Le Gabon vit dans une tension sociale palpable. Pendant combien de temps encore le pouvoir d’Ali Bongo Ondimba pourra contenir la grogne des Gabonais. Temps difficile donc pour le Gabon et l’on s’interroge sur les turpitudes du gouvernement Julien Nkoghe Bekale qui, durant la période des vaches grasses, où un baril de pétrole était vendu à plus de 150 dollars, n’a su anticiper une chute des cours de l’or noir. Et voici venue la période des vaches maigres pour le Gabon et l’on se demande où sont passées les réserves de fonds qui devraient être constituées pour les générations futures.
Ainsi va l’Afrique des pouvoirs sclérosés. A force de perdurer aux affaires. Ils ne manquent pas seulement d’initiatives novatrices ; ils manquent jusqu’au bon sens qu’enseigne l’adage : « gouverner, c’est prévoir ».
Mais quoi qu’il en soit, les démons de la rébellion ont décidément la peau dure au Gabon. Car, visiblement, le calumet de la paix est sur le point de se briser.

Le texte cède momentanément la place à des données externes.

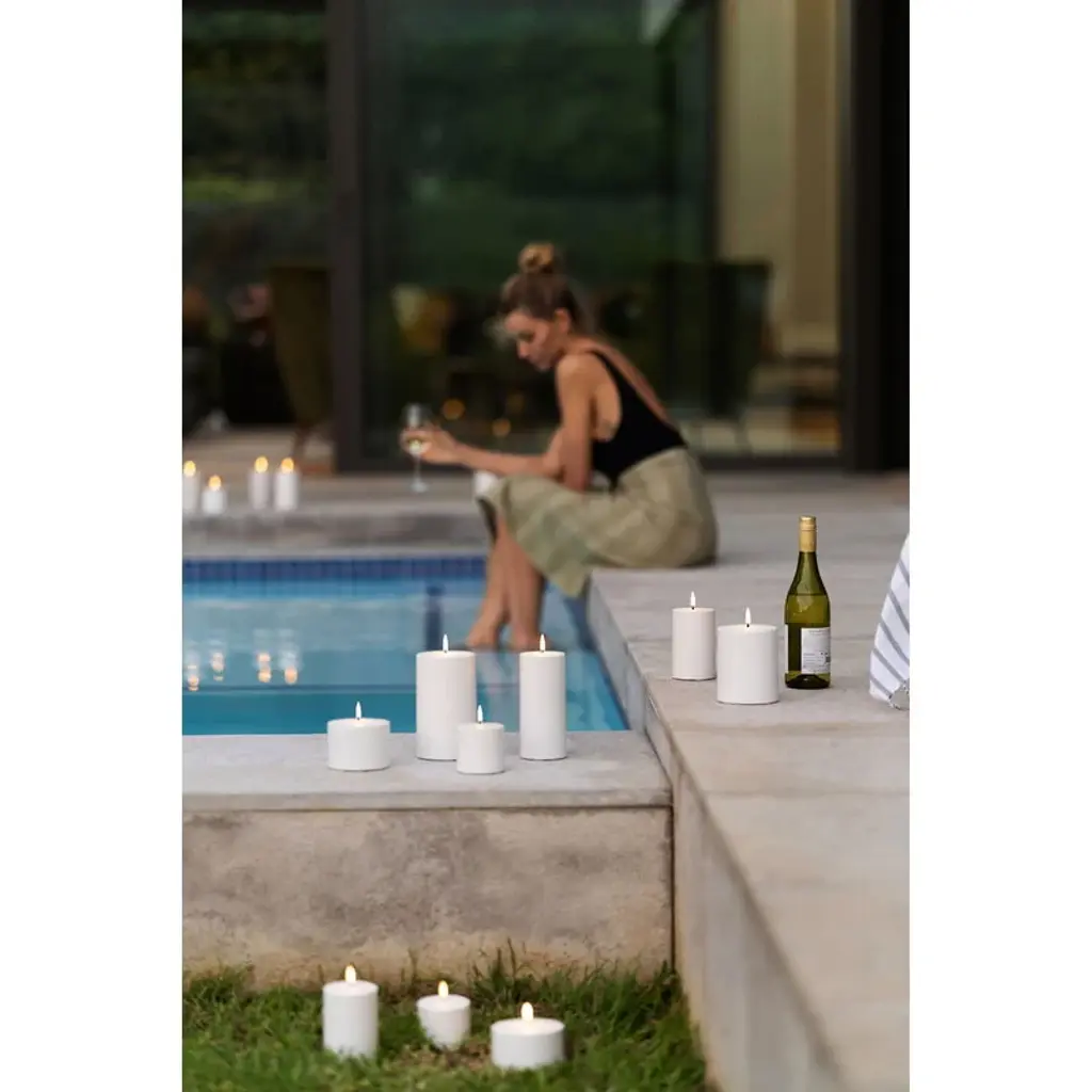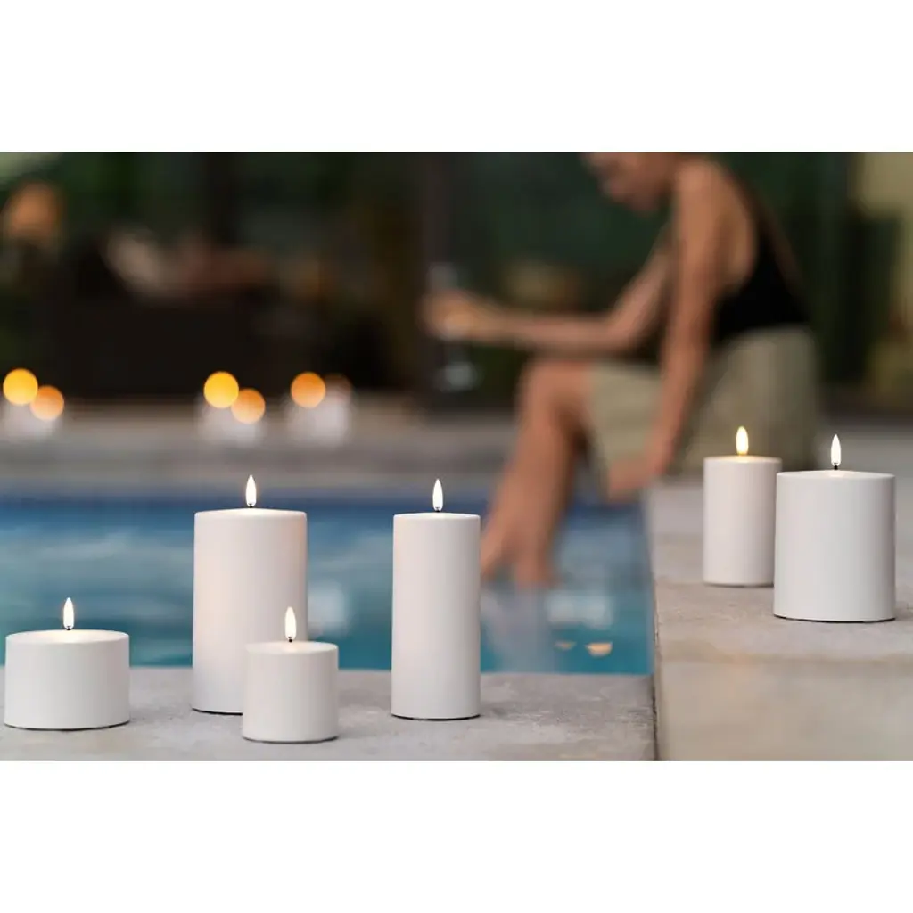 Uyuni Lighting's Outdoor LED pillar candle is a safe way to create a warm and inviting atmosphere in outdoor spaces – the kind that can only be achieved with the gentle flicker of a burning candle. The water-resistant and UV-protected Outdoor LED candle is equipped with Uyuni’s patented 3D flame that mimics the fluttering of a regular candle, glowing softly in a warm white tone. The battery-operated LED candles do not heat up during use and do not need to be monitored like regular candles, making them ideal for families with children or pets. Flameless LED candles are also great for centerpieces and other compositions as they do not pose a fire hazard even when in contact with other decorations. The Uyuni Outdoor LED pillar candle has a built-in timer with which you can set the candle to burn for six hours. With the Uyuni remote control, available separately, the timer can be set for either 4, 6, 8 or 10 hours. With the remote control, the candle is also dimmable.

Le Gabon d’hier, avec son maillage inextricable de corporatismes désuets, ne veut pas du changement solidaire. Pour l’empêcher, elle fait chanter l’exécutif. Chez le Président de la République Ali Bongo Ondimba qui, en d’autres occasions, avait prêché le dialogue social à tout prix, le ton a changé. Cette rupture-là, pas question de la manquer. Les modalités seront négociables mais la réforme se fera. Aucun recul n’est possible. Le président rappelle que les électeurs l’ont choisi pour faire des choses difficiles. Afin d’y parvenir, il s’appuie sur une conviction: les Gabonais ont changé. Leurs yeux se sont dessillés.
Le gouvernement Julien Nkoghe Bekale est d’autant moins décidé à céder que 56 % des Gabonais approuvent sa politique générale. Il préfère assumer une cassure avec une partie de son camp. Cette affaire apporte un autre enseignement. C’est l’affirmation d’une nouvelle tendance, essentiellement pragmatique, capable d’ouverture au niveau des personnes et des symboles mais moins des idées, car elle y voit un signe de faiblesse. C’est une nouvelle génération tout à fait décomplexée qui n’accepte pas les leçons de morale, d’où qu’elles viennent. Les populations attendent des résultats concrets et ne veut pas perdre de temps dans des débats éthiques. Parce qu’elles savent qu’en politique il faut agir vite.
Autrement dit, les Gabonais passeront coûte que coûte, en force s’il le faut. Toutes les générations ont entendu ce genre de discours, ces déclarations de matamore avec lesquelles le pouvoir entend toujours faire plier la moindre revendication qui s’oppose à leurs projets. L’élection présidentielle de 2016 est certes passée par là, mais les semaines écoulées montrent que nous ne sommes pas dans l’impunité politique et médiatique. Les dégâts idéologiques et politiques sont là, mais la brutale réalité de sa politique aussi et elle préoccupe déjà des secteurs croissants de la société. Pourtant, ce bras de fer annoncé ne ressemble pas à ceux que le Gabon a connus dans le passé.
Pour Ali Bongo Ondimba, le danger n’est pas là. Il est plus diffus que cette première banderille sociale. Il est dans les premiers signes d’usure que traduisent les enquêtes d’opinion. Pas de danger immédiat, mais des clignotants orange qui s’allument. L’accumulation des réformes annoncées fait naître des doutes quant à leur faisabilité et des inquiétudes quant au climat social. Au-delà de la démonstration de force, fermeté gouvernementale d’un côté, mobilisation syndicale de l’autre, le défi majeur reste la croissance. Si, comme le craignent la quasi-totalité des experts, elle reste poussive, les réformes sociales auront du mal à passer. C’est pourquoi le forum social constituera un enseignement important, non pas pour l’immédiat, mais pour le moyen terme.
Fini de rêver, retour à la réalité. Et le réveil est brutal, car elle est plutôt morose, la réalité de 2020. Ça grogne un peu partout.
Même si les régimes spéciaux sont ressentis depuis longtemps comme un privilège par une majorité de Gabonais, les mêmes sont de moins en moins convaincus de la manière dont est menée la politique économique et sociale du gouvernement.
Sachant que l’opinion, même si elle est divisée sur les mouvements sociaux, est sensible à la notion de privilège sur les régimes spéciaux, il affirme qu’il ne reculera pas à l’occasion de cette première épreuve de force sociale.
Pour l’heure, chacun mesure ses forces et affûte ses armes. Dans l’attente des parties suivantes.